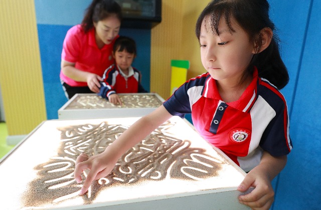 9月15日,敦煌市幼兒園小朋友在手繪沙畫。
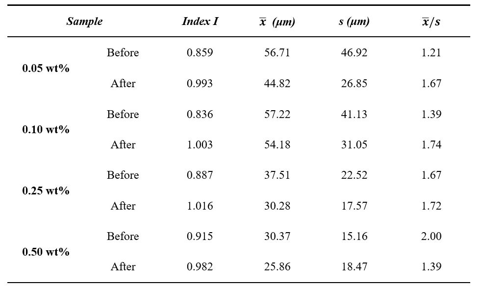 根据Morisita指数I分析,越接近1表示分布越接近理想随机分布。浸泡后,0.10 ~ 0.25 wt% GO样品的Morisita指数趋近于1(全局分布好),但需结合局部指标(
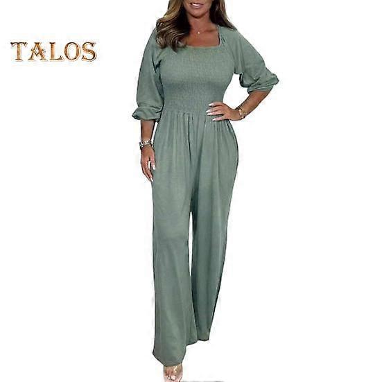 Embrace versatility with this Square-neck, long-sleeved jumpsuit featuring an elasticated waist that hugs your curves in all the right places, suitable for women and girls of all sizes with its loose design and solid color simplicity.
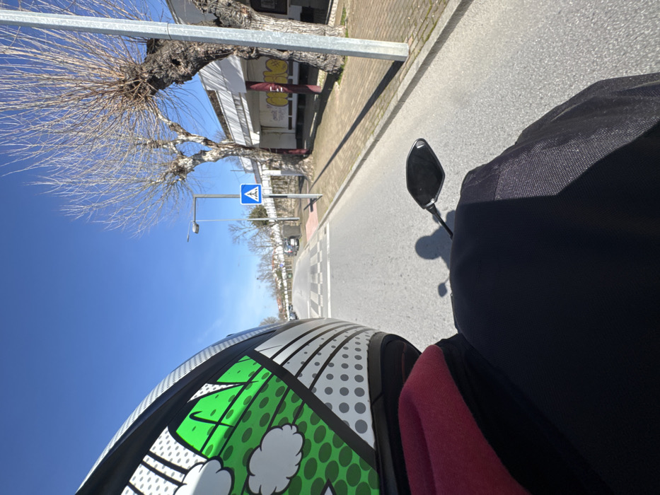 The image depicts a first-person view from a motorcycle on a paved road in Mirandela, Portugal, on a clear, sunny day. In the immediate foreground on the left is the rear-left side of a white motorcycle helmet with a pop-art style green, black, and white graphic design featuring jagged shapes, cloud-like elements, and halftone dots. Below the helmet, a maroon fabric, likely from a garment, is visible, resting on a black textured surface, possibly a motorcycle tank bag or seat. To the right of the black surface, a black motorcycle rearview mirror is visible, and the shadow of a helmeted rider is cast on the road and the motorcycle. The road ahead features a pedestrian crossing marked by alternating dark and light gray rectangular patterns. A blue rectangular road sign with a white pedestrian symbol is positioned on the right side of the road. Further down the road, vehicles are parked along both sides. The right side of the road has a concrete sidewalk lined with several large, bare deciduous trees. Behind these trees, a long, low white building with graffiti in red and yellow is visible. The left side of the road features a low white wall, with more trees and buildings in the distance. The sky is bright blue and cloudless.
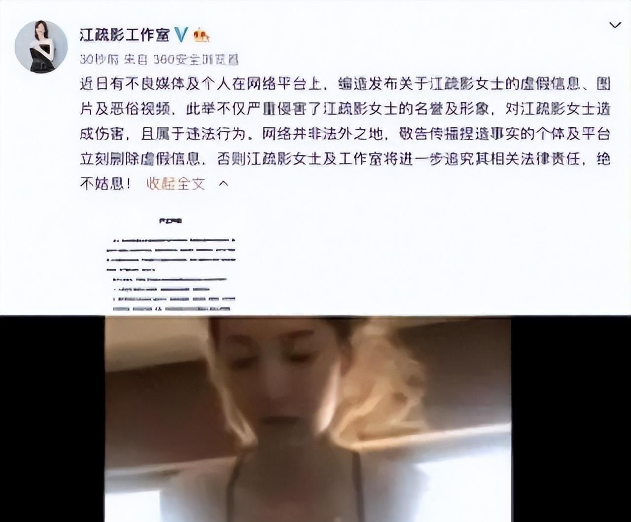 当这段视频开始在各个平台上疯传时,江疏影的名字也随之成为被搜索次数最多的关键词之一。众多网友在看到视频后,几乎第一时间联想到了江疏影,因为视频中女主角的外貌、神态与她十分相似。随即,许多人开始质疑这是否意味着江疏影有染于此。面对如此质疑,江疏影通过其社交媒体账号发布了声明,否认自己与该视频有任何关联,并强调已经向执法机关报案,希望通过法律手段清洗自己的名誉,并追究造谣者的责任。
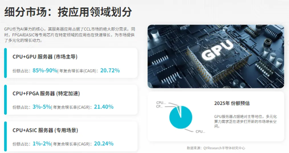 从应用结构看,AI服务器覆铜板需求高度集中在CPU+GPU服务器,这是当前全球AI算力部署的主流架构,也是高端CCL价值最集中的下游场景;CPU+FPGA、CPU+ASIC以及其他专用加速架构构成补充市场。报告显示,CPU+GPU服务器长期占据接近九成的市场价值份额,未来仍将维持绝对主导地位;这说明行业景气度与GPU训练服务器、OAM/UBB板卡、高速背板与交换互连系统的资本开支高度相关。与此同时,随着ASIC推理服务器、定制化AI加速平台和其他异构计算方案逐步扩大部署,非GPU类场景也会保持增长,但短期内仍难改变CPU+GPU架构在需求端的主导格局。整体而言,应用端的本质特征是“需求高度集中,但边际扩散正在发生”。

--------

*What you are asked to do*: Using the data above, copy exactly the lines from the one containing "根据Morisita指数I分析,越接近1表示分布越接近理想随机分布。浸泡后,0.10 ~ 0.25" to the one containing "Embrace versatility with", inclusive. Exclude the pictures.

*Exercise output*:
 根据Morisita指数I分析,越接近1表示分布越接近理想随机分布。浸泡后,0.10 ~ 0.25 wt% GO样品的Morisita指数趋近于1(全局分布好),但需结合局部指标(
 Embrace versatility with this Square-neck, long-sleeved jumpsuit featuring an elasticated waist that hugs your curves in all the right places, suitable for women and girls of all sizes with its loose design and solid color simplicity.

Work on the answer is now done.